Client: Copenhagen Museum
Location: Copenhagen, Denmark
Completion date: 2014
Project Team
Artist
Barbara Cooper
Copenhagen Museum
Landscape Architect
Anders Matthiessen
Anders Matthiessen
Client
Copenhagen Museum
Overview
‘Intersections’ was designed for the Museum of Copenhagen in 2014. The museum’s flat, grass covered back yard was transformed into a space of varied levels and outdoor rooms, connected by a flowing path and surrounded by layered plantings that provide nourishment and space for people as well as pollinators.
The garden was about 100 feet long and 30 feet; wide.
Goals
‘Intersections’ is about the encounter between nature and culture, and the movements and negotiations between the two. The space transitions from a cultivated and ordered garden to gradually transforming into something more wild and natural. This is symbolized by the choice of fruiting trees, berries and vines in the first section, and perennial plantings for bees and pollinators in the other. The garden is both a place for contemplation as well as a space that offers the opportunity to reflect on biodiversity and balance with nature.
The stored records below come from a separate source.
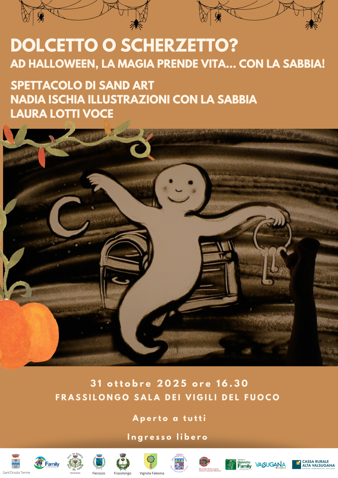 Nuovo appuntamento nell’ambito del progetto Cultura in rete venerdì 31 ottobre alle ore 16.30 presso la sala della Caserma dei Vigili del Fuoco a Frassilongo con lo spettacolo di Sand Art Dolcetto o scherzetto? a cura di Nadia Ischia - Sand artist e Laura Lotti lettrice.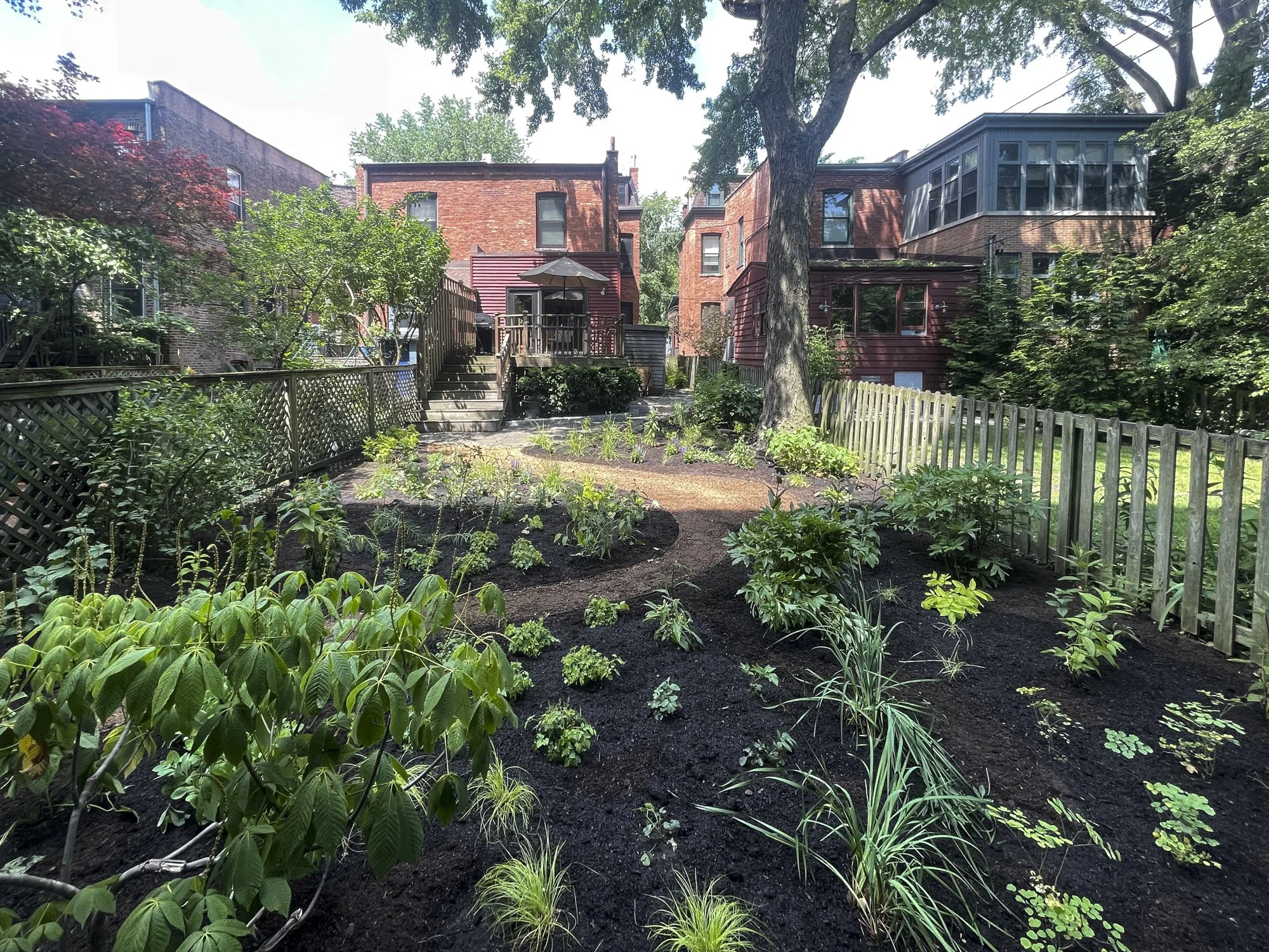 NORTH OAK PARK RESIDENCE - shrub removal, garden installation, stewardship. Installed 2025.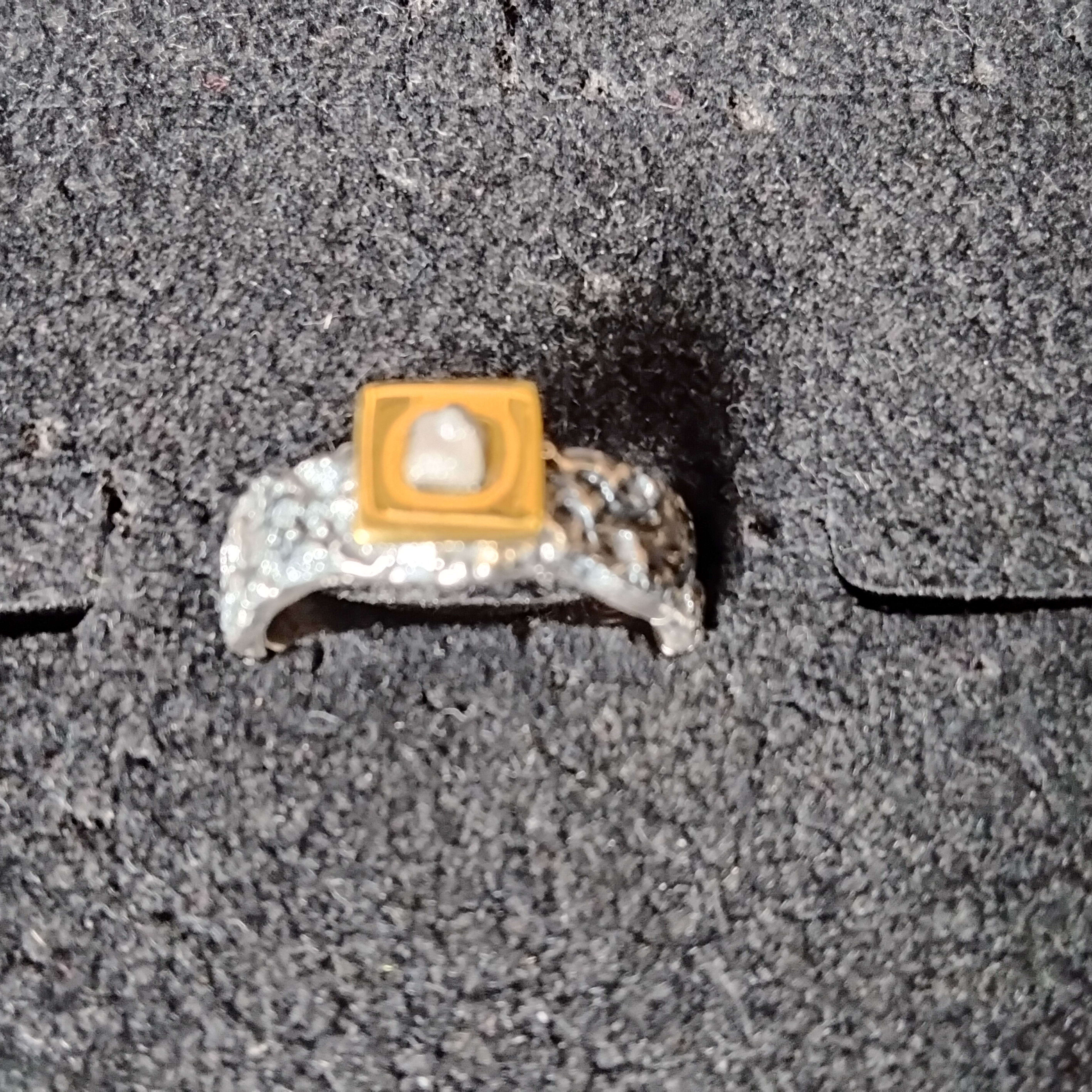 „Rohdiamant“ Silberring teilvergoldet, teilgeschwärzt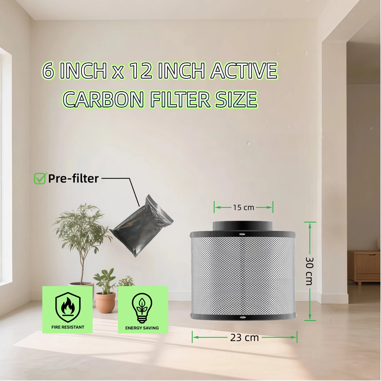 6"x12 Inch Carbon Filter Inline Tube Fan Control for Fan Grow Tent Ventilation AU Stock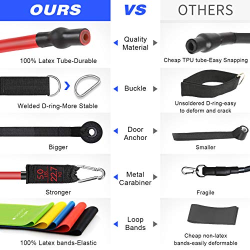 【Sichere und langlebige Materail】: Fitnessbänder besteht ganz hochwertigem Latex mit hoher Haltbarkeit und Elastizität, um ein Knacken der Bänder zu verhindern. Verbesserte, stärkere Karabiner, Schnallen und gewebtes Gurtband umsorgen Sicherheit solange des Gebrauchs. Mit Schaumstoff umwickelte Griffe sind weich und rutschfest und umsorgen ein hervorragendes Griffgefühl.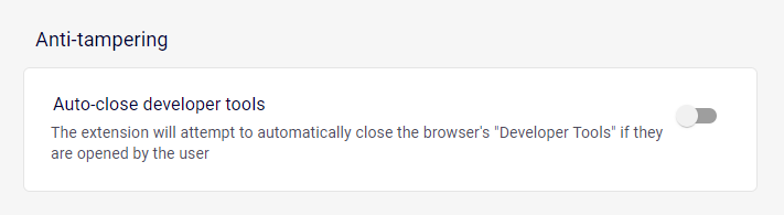 When enabled, the extension will attempt to close the browser's "Developer Tools" - if the tools are opened by an end-user. |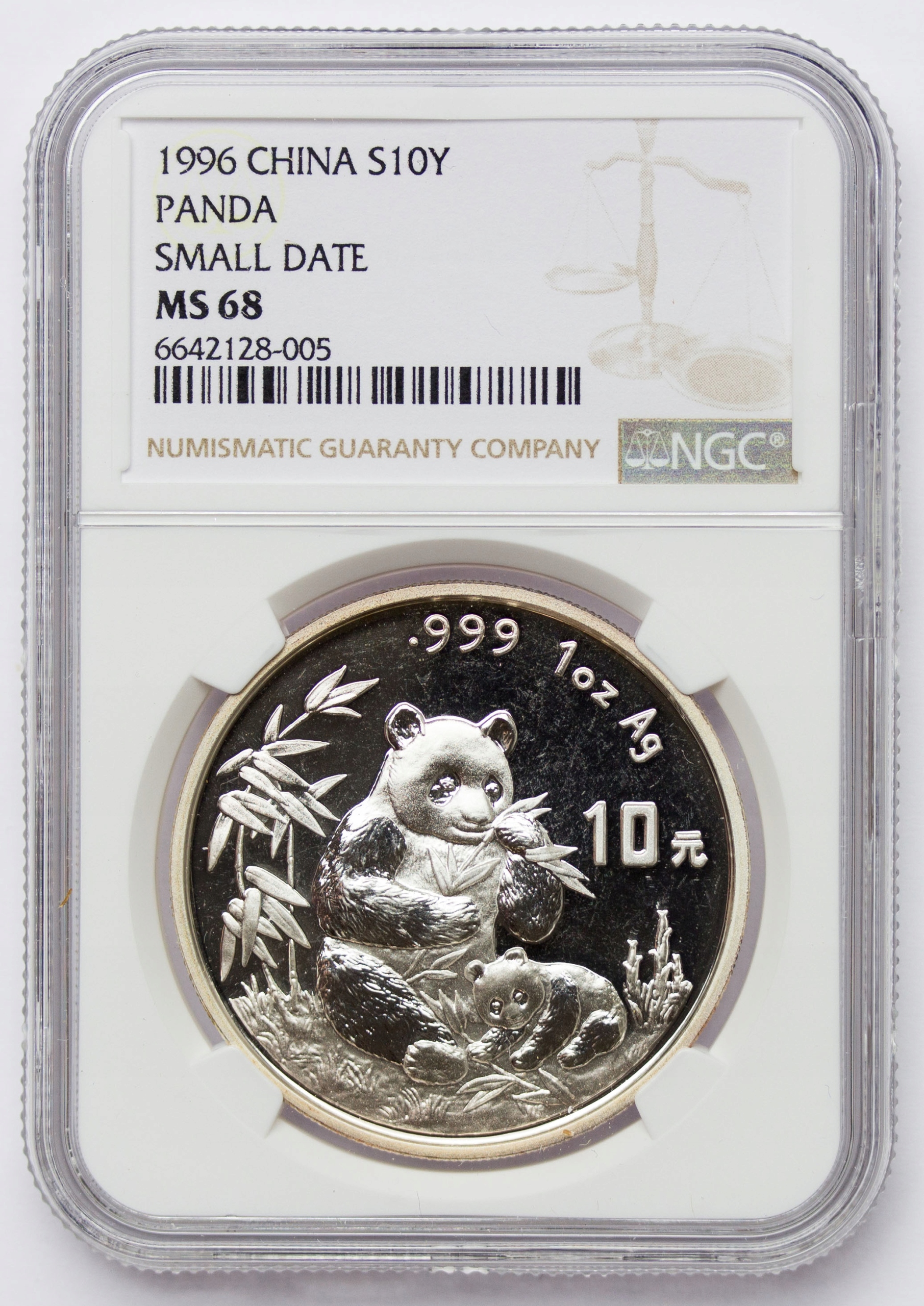 Китай, 10 юанів 1996, Panda, NGC MS68, Small Date, Small Date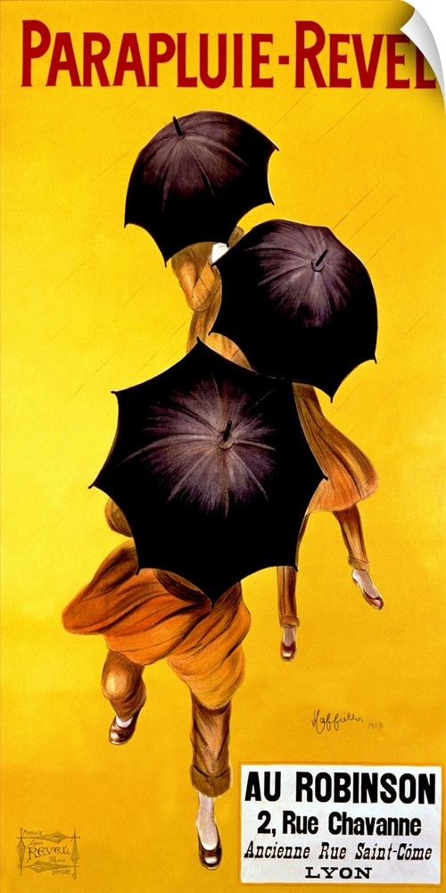 <p>Vertical, big vintage advertisement of Parapluie Revel, three people dancing in the rain, their faces hidden by open umbrellas. French text at the bottom of the image.</p>

Part of the plan included disconnecting the museum’s downspouts from the sewer system and creating water-holding areas within the garden itself. Another essential component was to reveal aspects of the layered history of Copenhagen which the museum’s archaeologists and historians were addressing daily in their excavations in the old part of the city.
Process
I worked with the archaeologists at the museum, integrating some of their artifacts into a cut-away mound that exposed layers of Danish civilization, very much as would be found in an archaelogical excavation. It was excavated down into a lowered ring that collected water from the roof. I studied Danish gardens that were both formally and community-based and worked with the Botanical Gardens to highlight native plantings which they donated to the project. I worked with a landscaper who did all of the hardscaping and plantings.
Additional Information
This was a fabulous opportunity for me to work with a community and incorporate my interests in how we move through space, plantings and gardening, beekeeping, water management and sustainability issues.